**PROMPT:** Would you copy the records below, exactly and only from their first line through the line containing "Eminent Maxi Junior", without any pictures?

---

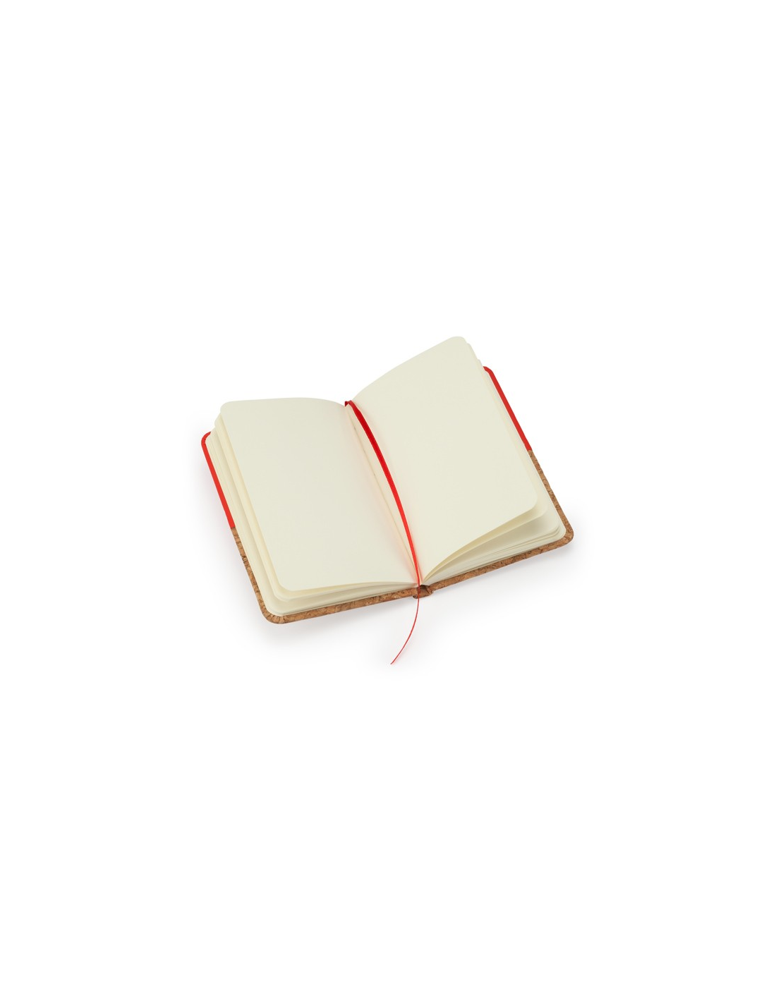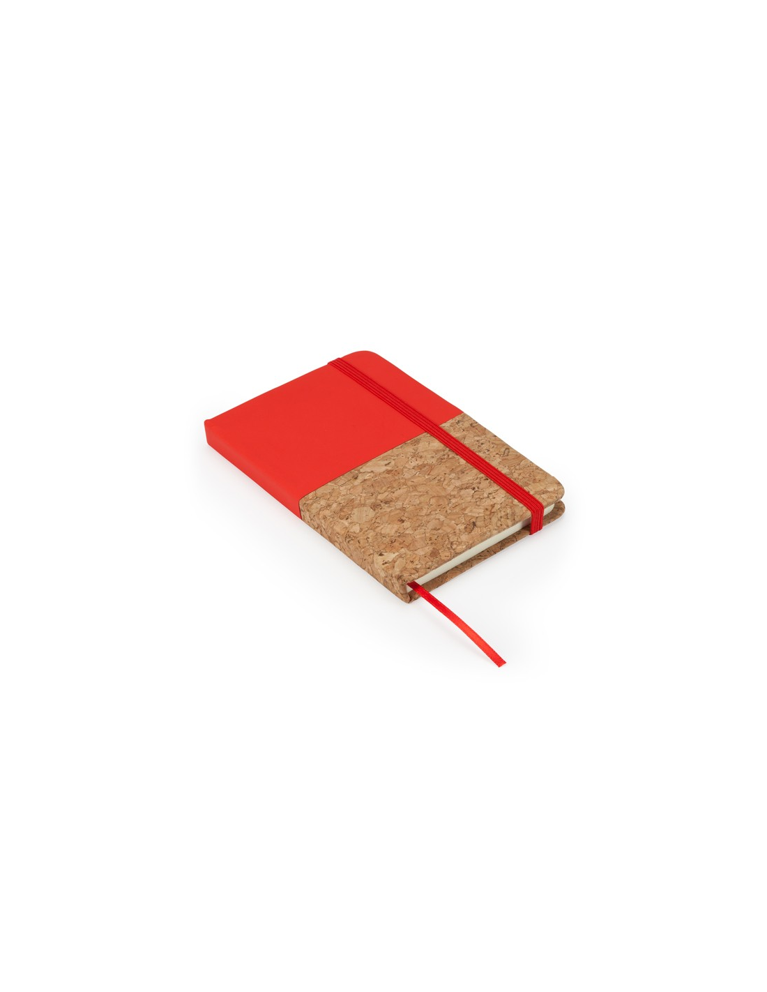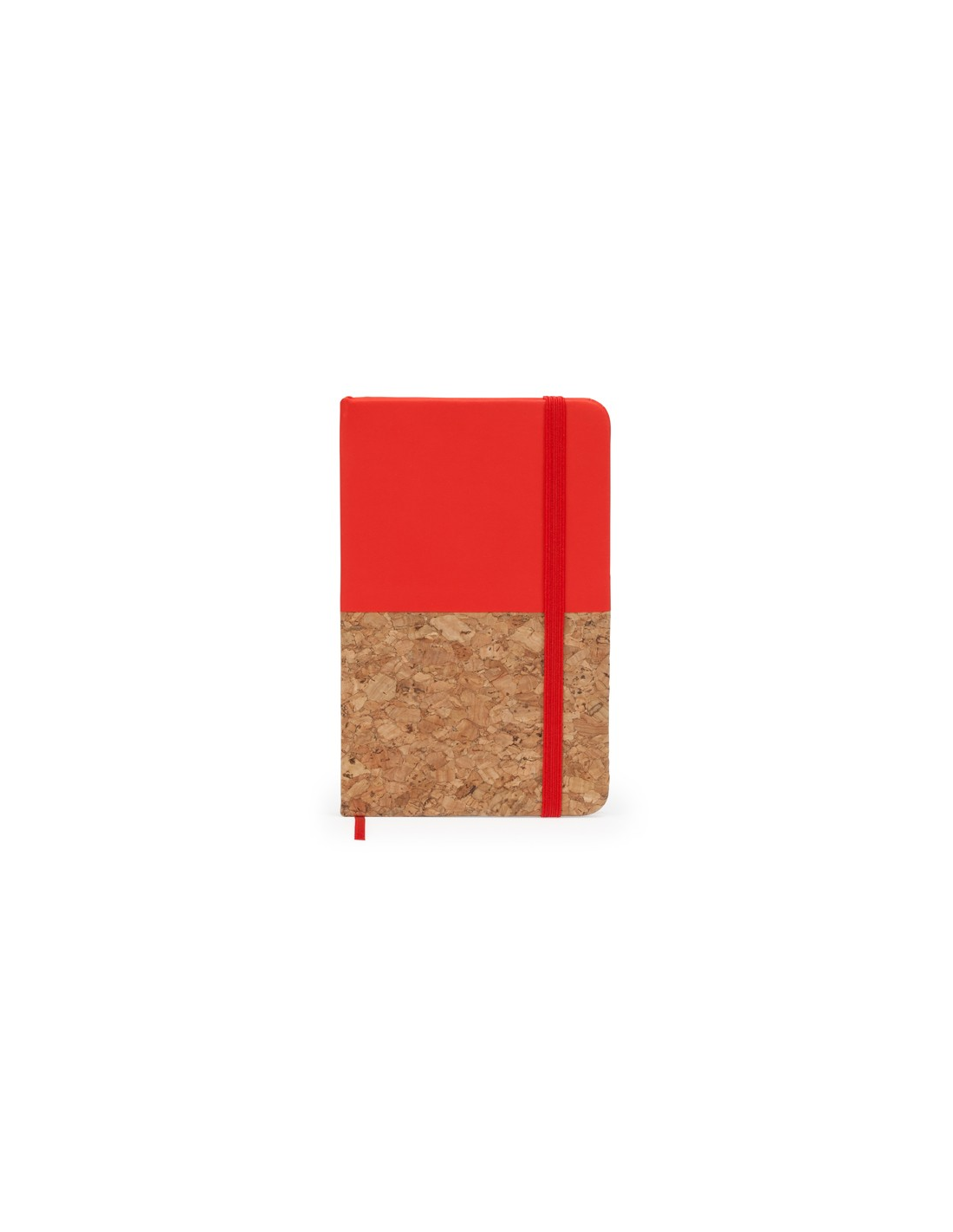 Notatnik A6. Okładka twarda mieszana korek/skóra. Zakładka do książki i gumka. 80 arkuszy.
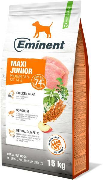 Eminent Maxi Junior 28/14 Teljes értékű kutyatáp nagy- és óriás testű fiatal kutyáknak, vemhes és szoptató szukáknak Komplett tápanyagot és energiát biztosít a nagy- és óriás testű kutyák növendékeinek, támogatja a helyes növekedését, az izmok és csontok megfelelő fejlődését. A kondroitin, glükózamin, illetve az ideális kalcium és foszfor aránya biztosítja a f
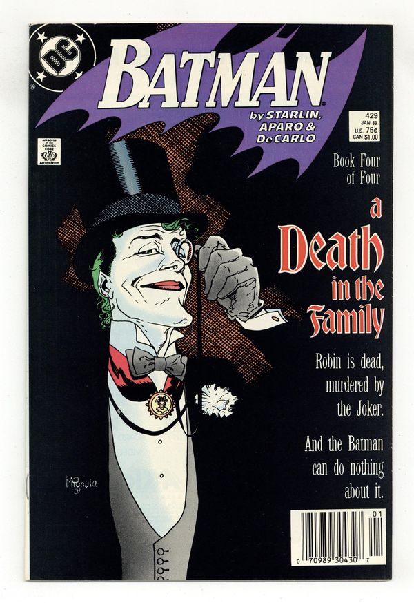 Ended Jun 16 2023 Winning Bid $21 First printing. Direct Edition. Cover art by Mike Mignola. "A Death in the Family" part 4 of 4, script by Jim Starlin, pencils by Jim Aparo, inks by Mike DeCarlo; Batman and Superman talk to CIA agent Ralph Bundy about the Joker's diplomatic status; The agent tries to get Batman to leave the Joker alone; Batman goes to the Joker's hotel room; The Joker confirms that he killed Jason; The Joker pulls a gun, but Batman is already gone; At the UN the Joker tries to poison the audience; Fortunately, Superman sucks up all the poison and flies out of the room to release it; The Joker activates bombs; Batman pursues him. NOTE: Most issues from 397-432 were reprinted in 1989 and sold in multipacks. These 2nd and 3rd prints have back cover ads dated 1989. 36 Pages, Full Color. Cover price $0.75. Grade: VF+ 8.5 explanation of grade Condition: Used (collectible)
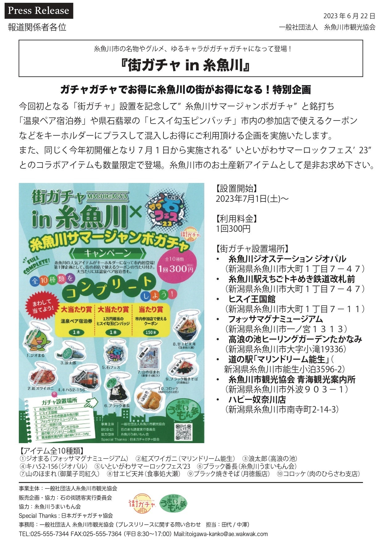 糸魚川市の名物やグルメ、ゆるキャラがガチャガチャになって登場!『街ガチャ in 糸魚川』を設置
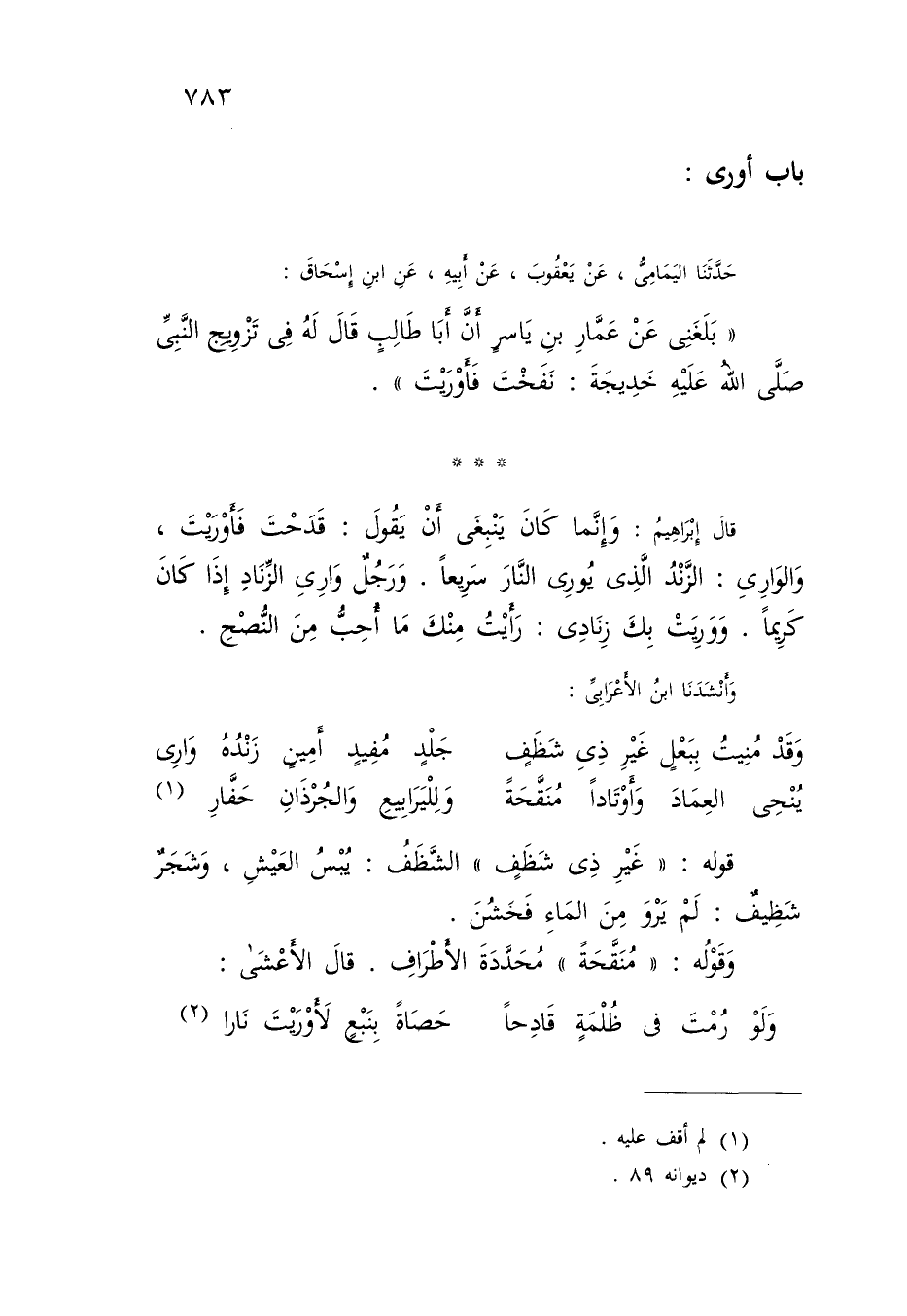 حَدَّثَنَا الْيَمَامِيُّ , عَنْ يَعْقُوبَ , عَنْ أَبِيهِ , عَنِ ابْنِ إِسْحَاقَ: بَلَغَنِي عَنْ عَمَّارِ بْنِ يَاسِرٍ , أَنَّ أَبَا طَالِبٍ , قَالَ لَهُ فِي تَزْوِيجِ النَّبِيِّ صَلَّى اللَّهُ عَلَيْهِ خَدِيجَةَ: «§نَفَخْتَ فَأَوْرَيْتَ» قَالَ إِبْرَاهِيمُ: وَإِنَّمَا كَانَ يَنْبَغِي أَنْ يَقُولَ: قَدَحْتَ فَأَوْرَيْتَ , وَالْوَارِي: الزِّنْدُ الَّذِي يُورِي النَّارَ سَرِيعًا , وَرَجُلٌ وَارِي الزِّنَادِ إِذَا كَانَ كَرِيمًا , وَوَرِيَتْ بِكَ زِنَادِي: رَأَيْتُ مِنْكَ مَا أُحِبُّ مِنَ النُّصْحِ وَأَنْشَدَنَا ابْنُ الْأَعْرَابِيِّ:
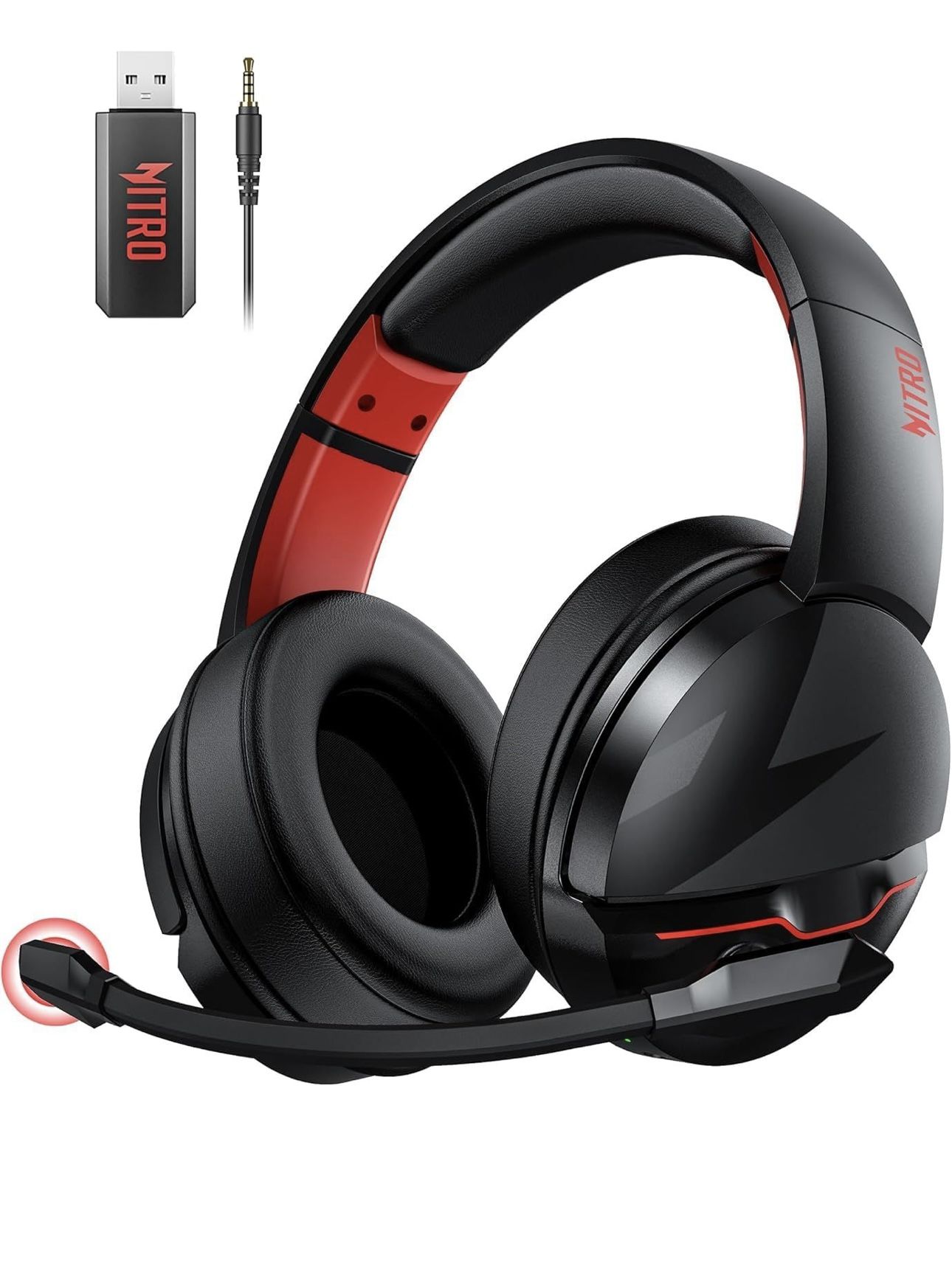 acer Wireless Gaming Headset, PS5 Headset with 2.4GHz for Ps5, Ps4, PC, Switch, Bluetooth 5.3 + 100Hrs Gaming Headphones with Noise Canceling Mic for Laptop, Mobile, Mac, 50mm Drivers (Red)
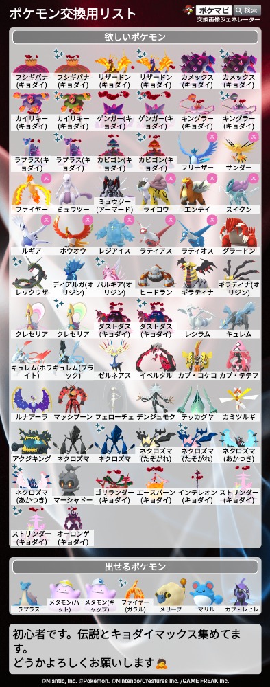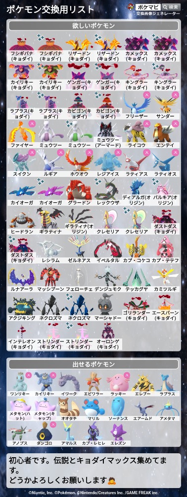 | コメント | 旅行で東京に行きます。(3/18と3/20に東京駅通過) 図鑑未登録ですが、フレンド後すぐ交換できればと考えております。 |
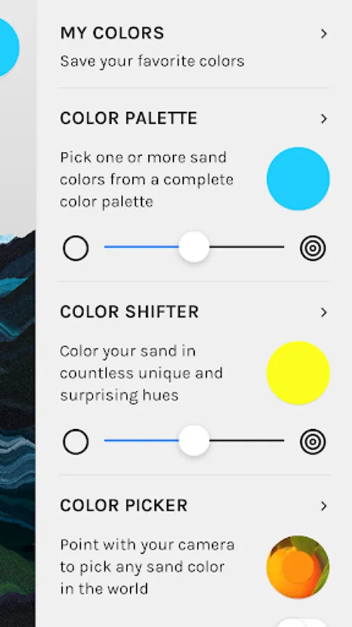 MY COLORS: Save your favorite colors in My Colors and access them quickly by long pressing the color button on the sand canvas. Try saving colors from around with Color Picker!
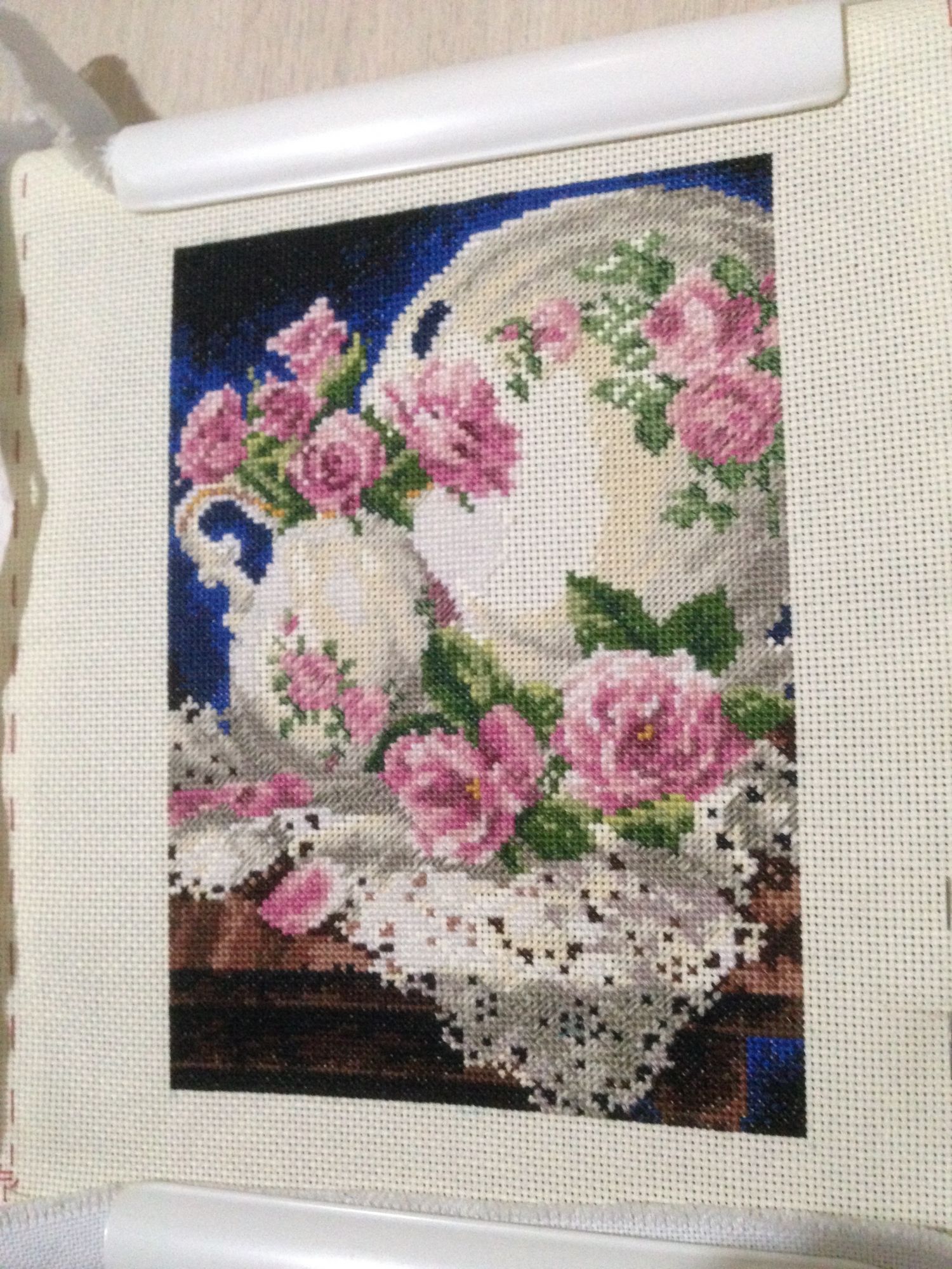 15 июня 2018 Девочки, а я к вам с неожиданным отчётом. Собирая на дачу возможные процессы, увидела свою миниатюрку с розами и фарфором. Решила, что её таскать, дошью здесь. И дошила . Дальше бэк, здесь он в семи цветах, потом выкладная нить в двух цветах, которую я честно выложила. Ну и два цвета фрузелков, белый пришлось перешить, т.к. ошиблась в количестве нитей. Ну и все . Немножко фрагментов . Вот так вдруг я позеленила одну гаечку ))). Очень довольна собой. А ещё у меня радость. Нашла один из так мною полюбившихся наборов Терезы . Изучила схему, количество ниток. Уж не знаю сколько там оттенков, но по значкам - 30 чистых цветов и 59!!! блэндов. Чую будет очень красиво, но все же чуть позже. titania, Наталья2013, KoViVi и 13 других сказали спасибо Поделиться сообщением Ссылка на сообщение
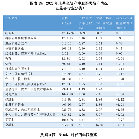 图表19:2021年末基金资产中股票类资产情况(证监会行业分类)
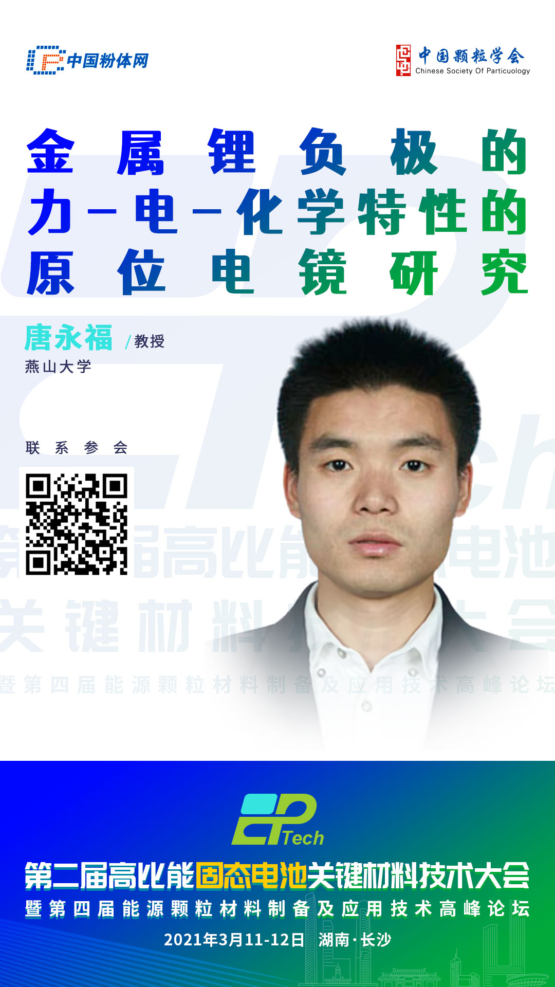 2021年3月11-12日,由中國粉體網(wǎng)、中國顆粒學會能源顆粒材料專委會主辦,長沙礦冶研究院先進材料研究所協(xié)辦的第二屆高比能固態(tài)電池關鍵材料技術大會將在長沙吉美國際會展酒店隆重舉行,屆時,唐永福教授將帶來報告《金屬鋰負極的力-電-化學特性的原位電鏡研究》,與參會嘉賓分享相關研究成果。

---

**REPLY:**
 Notatnik A6. Okładka twarda mieszana korek/skóra. Zakładka do książki i gumka. 80 arkuszy.
 Eminent Maxi Junior 28/14 Teljes értékű kutyatáp nagy- és óriás testű fiatal kutyáknak, vemhes és szoptató szukáknak Komplett tápanyagot és energiát biztosít a nagy- és óriás testű kutyák növendékeinek, támogatja a helyes növekedését, az izmok és csontok megfelelő fejlődését. A kondroitin, glükózamin, illetve az ideális kalcium és foszfor aránya biztosítja a f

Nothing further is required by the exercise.